> PROBLEM TO WORK ON
Copy each entry verbatim, excluding its images.

BEGIN STUDY MATERIAL

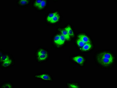 Immunofluorescence staining of HepG2 cells with CSB-PA836239LA01HU at 1:100, counter-stained with DAPI. The cells were fixed in 4% formaldehyde, permeabilized using 0.2% Triton X-100 and blocked in 10% normal Goat Serum. The cells were then incubated with the antibody overnight at 4°C. The secondary antibody was Alexa Fluor 488-congugated AffiniPure Goat Anti-Rabbit IgG(H+L).
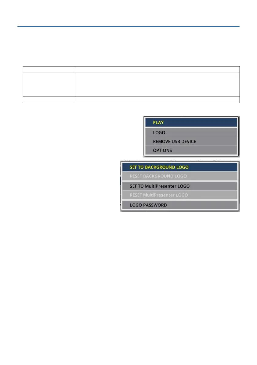 1. Movethecursorto[SETTOBACKGROUNDLOGO]or[SETTOMultiPresenterLOGO]inthe
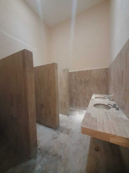 dos cuartos de baño con paredes de mármol adaptados para uso comercial (para 4 personas cada uno),
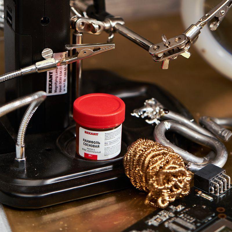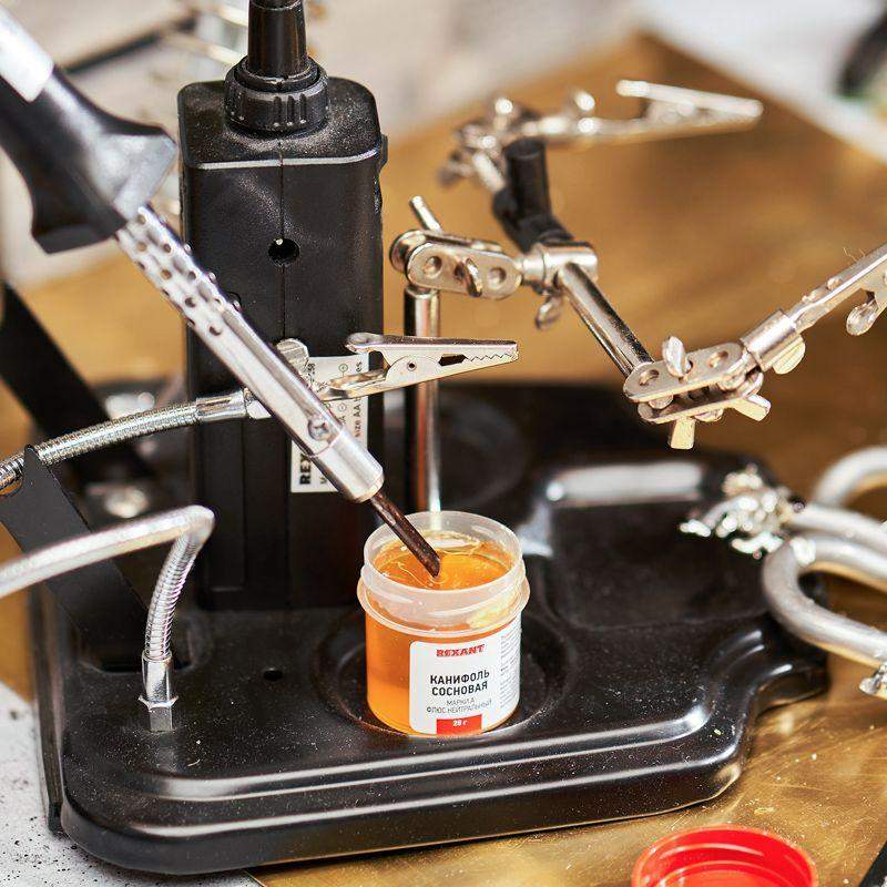 Канифоль сосновая марки А REXANT предназначена для удаления тонких и нестойких оксидов с поверхности под пайку, улучшения растекания жидкого припоя при пайке печатных плат и радиокомпонентов. Изготовлена в соответствии с ГОСТ 19113-84. Канифоль представляет собой хрупкое стекловидное вещество от темно-красного до светло-желтого цвета, применяемое в качестве нейтрального флюса при пайке и лужении деталей и поверхностей оловянно-свинцовыми припоями. Изготовляется из смол хвойных деревьев. После пайки смывка не требуется. Обладает следующими преимуществами: повышает прочность соединений; не образует вредных испарений при нагреве; не ухудшает электропроводимость места пайки; применяется при соединении легкоплавких контактов. Температура наибольшей активности: +170...+250°C. Вариант фасовки – банка с крышкой, вес нетто 20 г. При использовании необходимо соблюдать меры предосторожности.
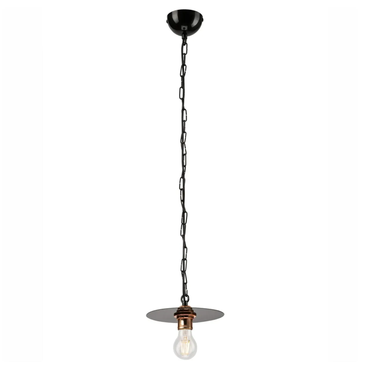 Czarne wykończenie lampy lekko błyszczy w świetle, a jednolity kolor bazy i ozdobnego łańcucha podkreśla metaliczny odcień miedzi przy oprawie żarówki.
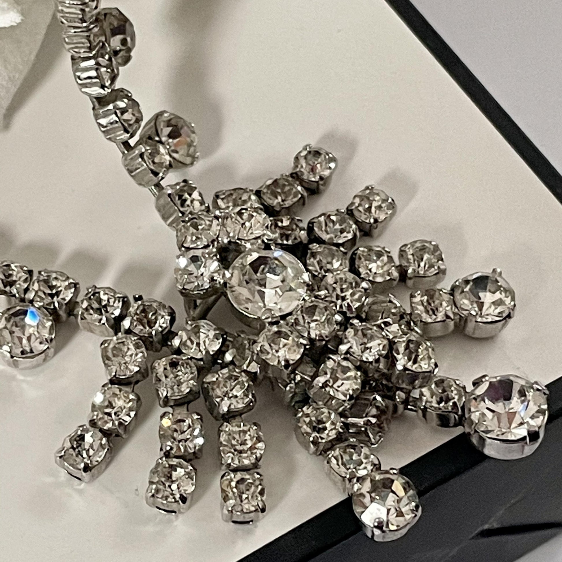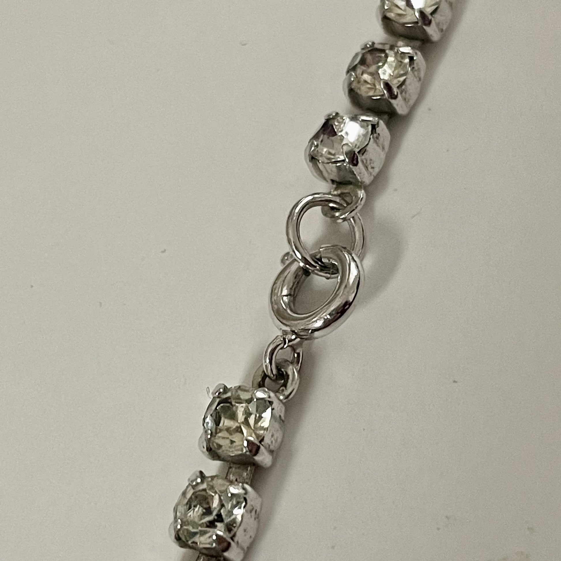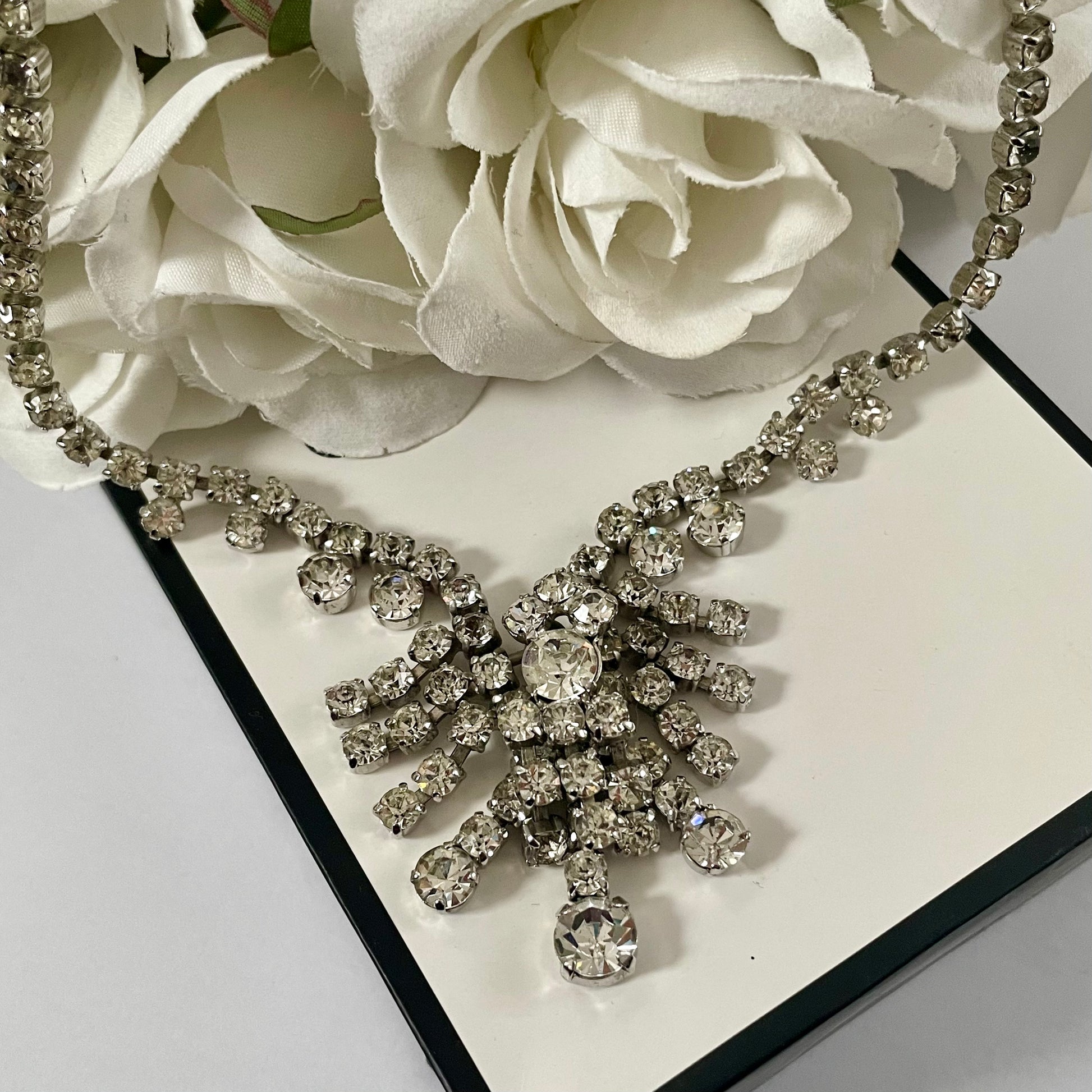 Sparkly 1950s Silver Toned Statement Necklace. A truly exquisite piece of vintage costume jewellery that will leave you feeling like a glamorous Hollywood starlet from a bygone era. This Marilyn Monroe esc necklace features a dazzling array of sparkling diamantés set on beautiful silver-toned metal with a gorgeous cluster pendant as a feature. The stunning stones catch the light in a mesmerising way, making this necklace the perfect accessory to add some vintage glamour to any outfit. The necklace sits securely on the neck with its lobster claw catch. This necklace is a true Old Hollywood statement piece that will turn heads and make you feel like the belle of the ball. Whether you're dressing up for a special occasion or looking for a unique gift you can’t buy twice, this necklace is perfect.
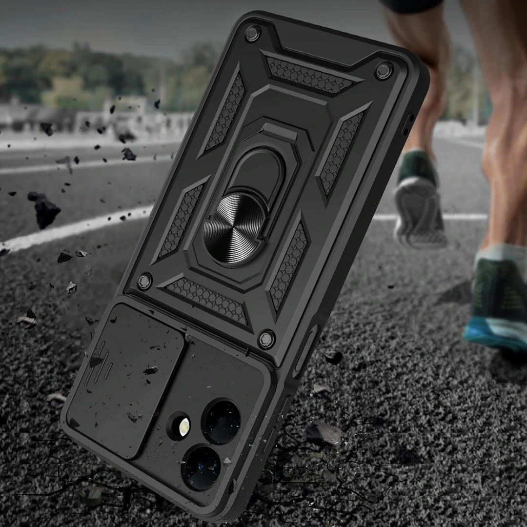 Redclick Sürgülü Vega Kapak, TPU gövdesi ve polikarbon sırtı ile çift katmanlı yapısı sayesinde telefonunuzu darbelerden maksimum düzeyde korur. Bu kapak, günlük kullanımda karşılaşabileceğiniz sert çarpmalara karşı telefonunuzu güvende tutar. Şık tasarımıyla ilgi çekici ve fonksiyonel yapısıyla çok yönlü kullanım imkanı sunar.
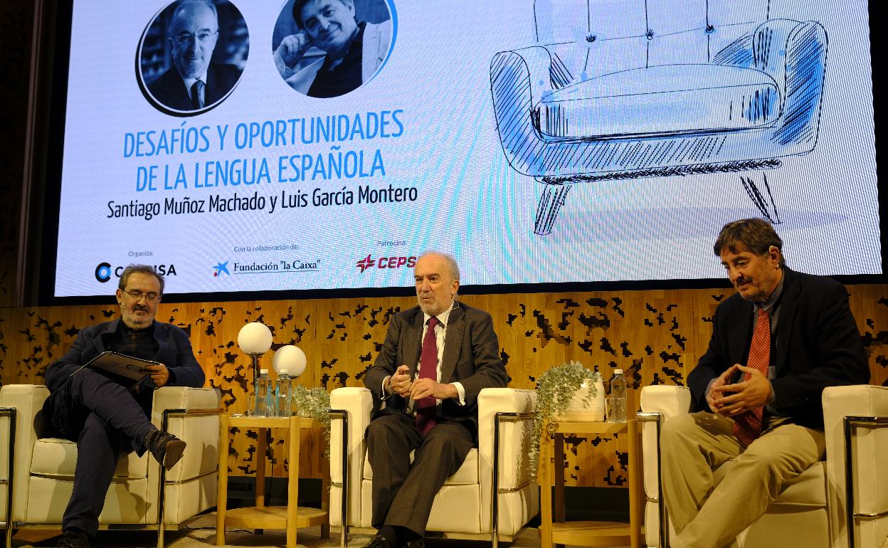 Los más fieles guardianes de nuestro milenario idioma, Santiago Muñoz Machado (Pozoblanco, Córdoba, 73 años), director de la Real Academia Española (RAE), y Luis García Montero (Granada, 63 años), director del Instituto Cervantes, empeñaron este lunes su palabra para seguir promoviendo el español en el mundo y defenderlo del uso (habitualmente del mal uso) que de él hace la inteligencia artificial. «Las máquinas tienen que hablar bien el idioma español. No se puede dejar a los robots que hagan lo que les dé la gana; estamos bajo la dictadura del algoritmo, que reduce el número de palabras y expulsa la riqueza del español», señaló Muñoz Machado en el acto celebrado este mediodía en CaixaFórum Madrid, que ha acogido una edición más de 'La Conversación', el espacio de reflexión organizado por Colpisa con motivo de su 50 aniversario, patrocinado por Cepsa.

END STUDY MATERIAL

> ANSWER
 Immunofluorescence staining of HepG2 cells with CSB-PA836239LA01HU at 1:100, counter-stained with DAPI. The cells were fixed in 4% formaldehyde, permeabilized using 0.2% Triton X-100 and blocked in 10% normal Goat Serum. The cells were then incubated with the antibody overnight at 4°C. The secondary antibody was Alexa Fluor 488-congugated AffiniPure Goat Anti-Rabbit IgG(H+L).
 1. Movethecursorto[SETTOBACKGROUNDLOGO]or[SETTOMultiPresenterLOGO]inthe
 dos cuartos de baño con paredes de mármol adaptados para uso comercial (para 4 personas cada uno),
 Канифоль сосновая марки А REXANT предназначена для удаления тонких и нестойких оксидов с поверхности под пайку, улучшения растекания жидкого припоя при пайке печатных плат и радиокомпонентов. Изготовлена в соответствии с ГОСТ 19113-84. Канифоль представляет собой хрупкое стекловидное вещество от темно-красного до светло-желтого цвета, применяемое в качестве нейтрального флюса при пайке и лужении деталей и поверхностей оловянно-свинцовыми припоями. Изготовляется из смол хвойных деревьев. После пайки смывка не требуется. Обладает следующими преимуществами: повышает прочность соединений; не образует вредных испарений при нагреве; не ухудшает электропроводимость места пайки; применяется при соединении легкоплавких контактов. Температура наибольшей активности: +170...+250°C. Вариант фасовки – банка с крышкой, вес нетто 20 г. При использовании необходимо соблюдать меры предосторожности.
 Czarne wykończenie lampy lekko błyszczy w świetle, a jednolity kolor bazy i ozdobnego łańcucha podkreśla metaliczny odcień miedzi przy oprawie żarówki.
 Sparkly 1950s Silver Toned Statement Necklace. A truly exquisite piece of vintage costume jewellery that will leave you feeling like a glamorous Hollywood starlet from a bygone era. This Marilyn Monroe esc necklace features a dazzling array of sparkling diamantés set on beautiful silver-toned metal with a gorgeous cluster pendant as a feature. The stunning stones catch the light in a mesmerising way, making this necklace the perfect accessory to add some vintage glamour to any outfit. The necklace sits securely on the neck with its lobster claw catch. This necklace is a true Old Hollywood statement piece that will turn heads and make you feel like the belle of the ball. Whether you're dressing up for a special occasion or looking for a unique gift you can’t buy twice, this necklace is perfect.
 Redclick Sürgülü Vega Kapak, TPU gövdesi ve polikarbon sırtı ile çift katmanlı yapısı sayesinde telefonunuzu darbelerden maksimum düzeyde korur. Bu kapak, günlük kullanımda karşılaşabileceğiniz sert çarpmalara karşı telefonunuzu güvende tutar. Şık tasarımıyla ilgi çekici ve fonksiyonel yapısıyla çok yönlü kullanım imkanı sunar.
 Los más fieles guardianes de nuestro milenario idioma, Santiago Muñoz Machado (Pozoblanco, Córdoba, 73 años), director de la Real Academia Española (RAE), y Luis García Montero (Granada, 63 años), director del Instituto Cervantes, empeñaron este lunes su palabra para seguir promoviendo el español en el mundo y defenderlo del uso (habitualmente del mal uso) que de él hace la inteligencia artificial. «Las máquinas tienen que hablar bien el idioma español. No se puede dejar a los robots que hagan lo que les dé la gana; estamos bajo la dictadura del algoritmo, que reduce el número de palabras y expulsa la riqueza del español», señaló Muñoz Machado en el acto celebrado este mediodía en CaixaFórum Madrid, que ha acogido una edición más de 'La Conversación', el espacio de reflexión organizado por Colpisa con motivo de su 50 aniversario, patrocinado por Cepsa.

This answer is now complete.